--- What to work on ---
Below are the records to transcribe exactly; do not include any images.

[Records from a data collection]
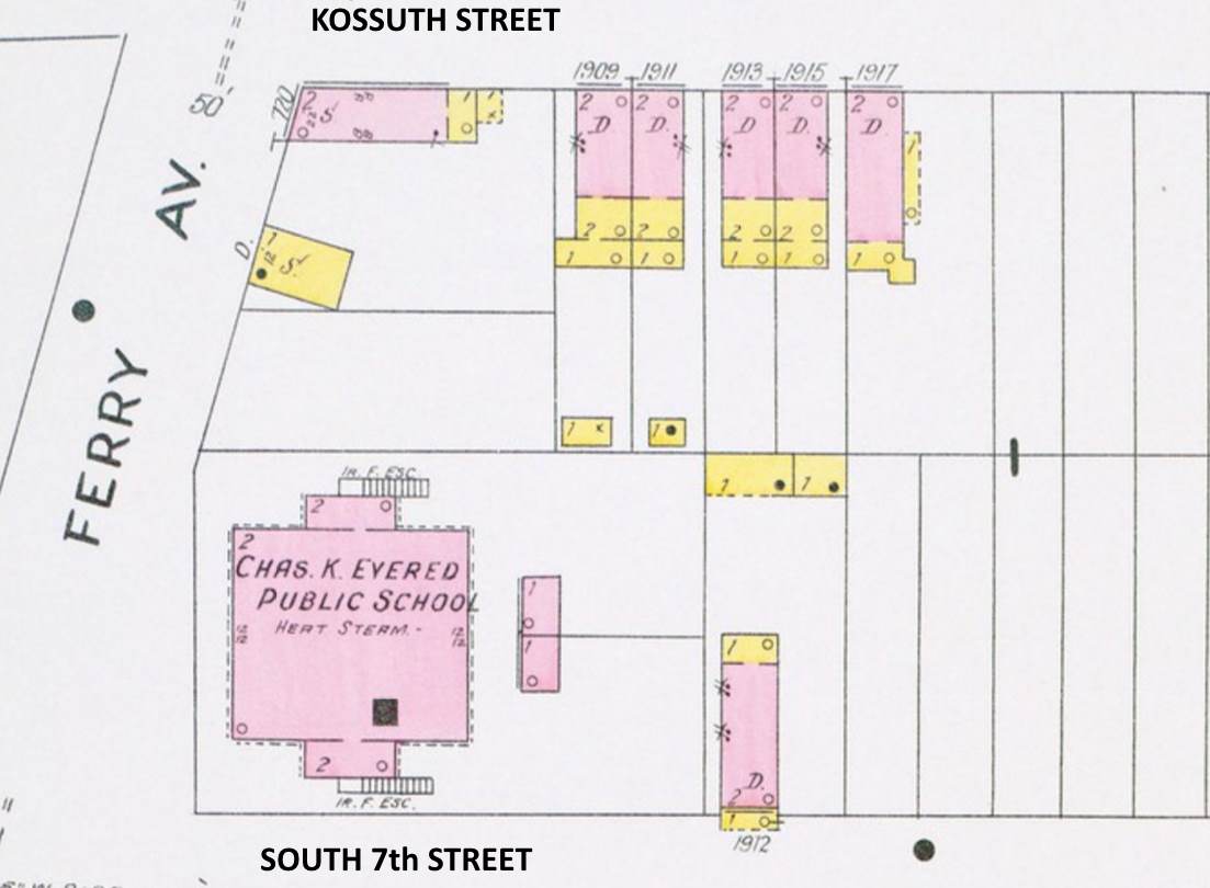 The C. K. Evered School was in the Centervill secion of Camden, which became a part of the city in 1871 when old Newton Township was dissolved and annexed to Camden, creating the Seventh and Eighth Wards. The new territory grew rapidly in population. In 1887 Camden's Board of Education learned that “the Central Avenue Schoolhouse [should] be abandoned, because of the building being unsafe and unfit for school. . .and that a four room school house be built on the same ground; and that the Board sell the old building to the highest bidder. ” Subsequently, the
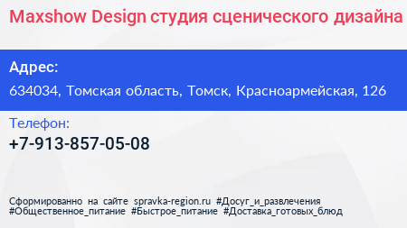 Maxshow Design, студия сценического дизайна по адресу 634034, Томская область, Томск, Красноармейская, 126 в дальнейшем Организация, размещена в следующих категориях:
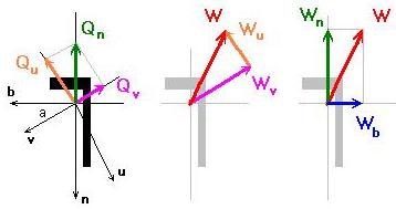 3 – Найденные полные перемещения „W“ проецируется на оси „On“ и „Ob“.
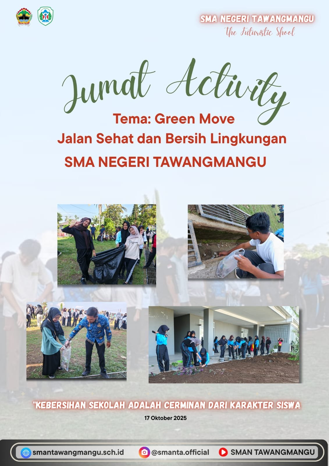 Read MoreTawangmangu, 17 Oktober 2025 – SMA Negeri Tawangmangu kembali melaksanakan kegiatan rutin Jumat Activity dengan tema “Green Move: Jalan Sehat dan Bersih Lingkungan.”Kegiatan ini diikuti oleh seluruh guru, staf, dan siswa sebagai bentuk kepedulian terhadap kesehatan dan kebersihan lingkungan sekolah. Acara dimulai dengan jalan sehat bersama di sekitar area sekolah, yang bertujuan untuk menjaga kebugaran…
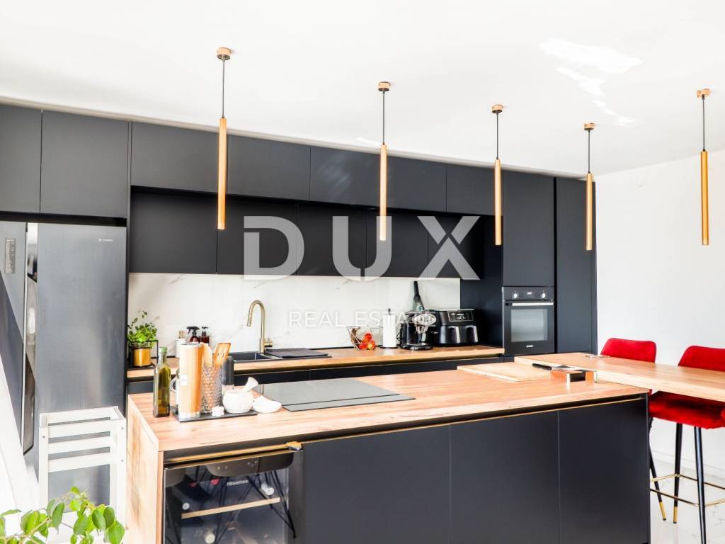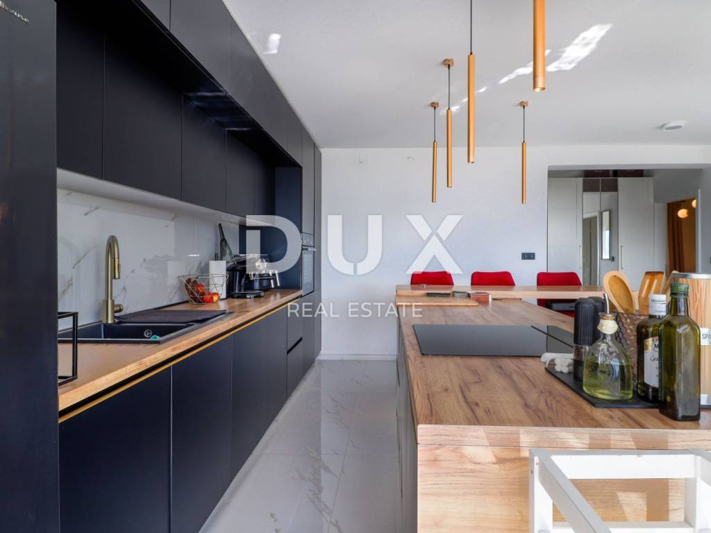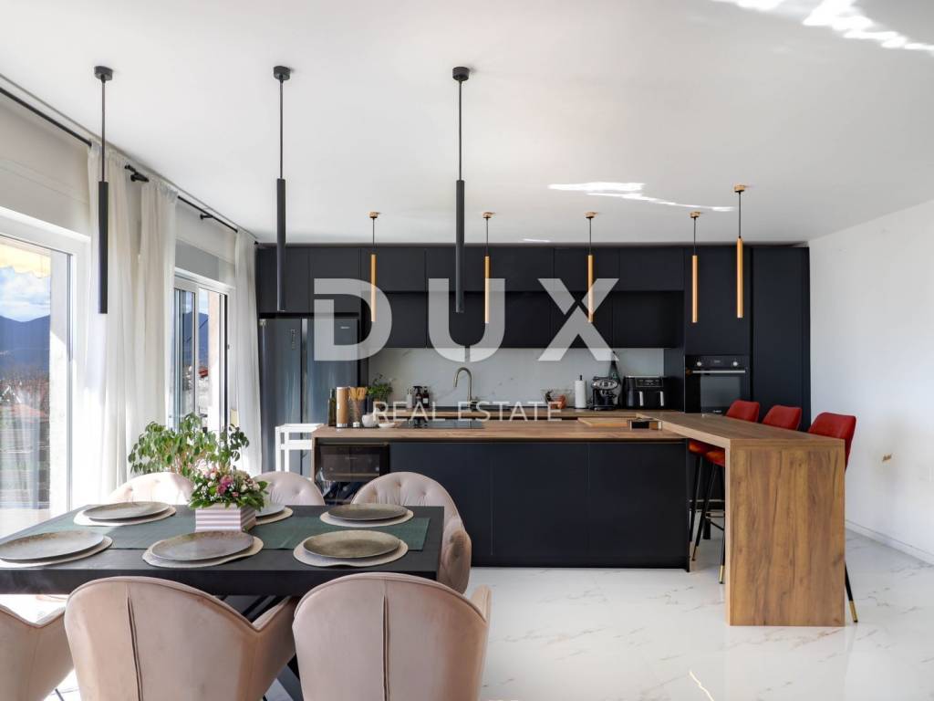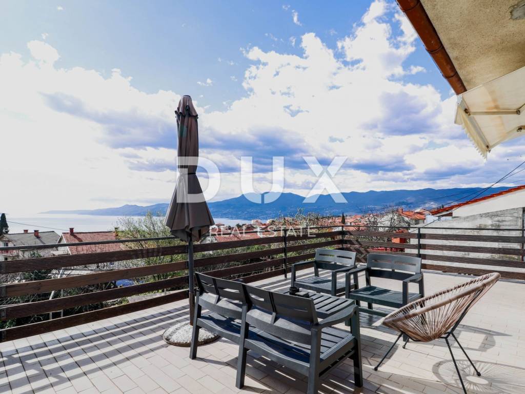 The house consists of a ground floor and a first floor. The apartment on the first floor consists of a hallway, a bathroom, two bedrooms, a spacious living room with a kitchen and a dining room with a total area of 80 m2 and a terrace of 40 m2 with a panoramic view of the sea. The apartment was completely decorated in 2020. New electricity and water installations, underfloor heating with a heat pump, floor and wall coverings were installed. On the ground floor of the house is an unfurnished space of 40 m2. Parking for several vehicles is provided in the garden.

--- Result of this exercise ---
 The C. K. Evered School was in the Centervill secion of Camden, which became a part of the city in 1871 when old Newton Township was dissolved and annexed to Camden, creating the Seventh and Eighth Wards. The new territory grew rapidly in population. In 1887 Camden's Board of Education learned that “the Central Avenue Schoolhouse [should] be abandoned, because of the building being unsafe and unfit for school. . .and that a four room school house be built on the same ground; and that the Board sell the old building to the highest bidder. ” Subsequently, the
 Maxshow Design, студия сценического дизайна по адресу 634034, Томская область, Томск, Красноармейская, 126 в дальнейшем Организация, размещена в следующих категориях:
 3 – Найденные полные перемещения „W“ проецируется на оси „On“ и „Ob“.
 Read MoreTawangmangu, 17 Oktober 2025 – SMA Negeri Tawangmangu kembali melaksanakan kegiatan rutin Jumat Activity dengan tema “Green Move: Jalan Sehat dan Bersih Lingkungan.”Kegiatan ini diikuti oleh seluruh guru, staf, dan siswa sebagai bentuk kepedulian terhadap kesehatan dan kebersihan lingkungan sekolah. Acara dimulai dengan jalan sehat bersama di sekitar area sekolah, yang bertujuan untuk menjaga kebugaran…
 The house consists of a ground floor and a first floor. The apartment on the first floor consists of a hallway, a bathroom, two bedrooms, a spacious living room with a kitchen and a dining room with a total area of 80 m2 and a terrace of 40 m2 with a panoramic view of the sea. The apartment was completely decorated in 2020. New electricity and water installations, underfloor heating with a heat pump, floor and wall coverings were installed. On the ground floor of the house is an unfurnished space of 40 m2. Parking for several vehicles is provided in the garden.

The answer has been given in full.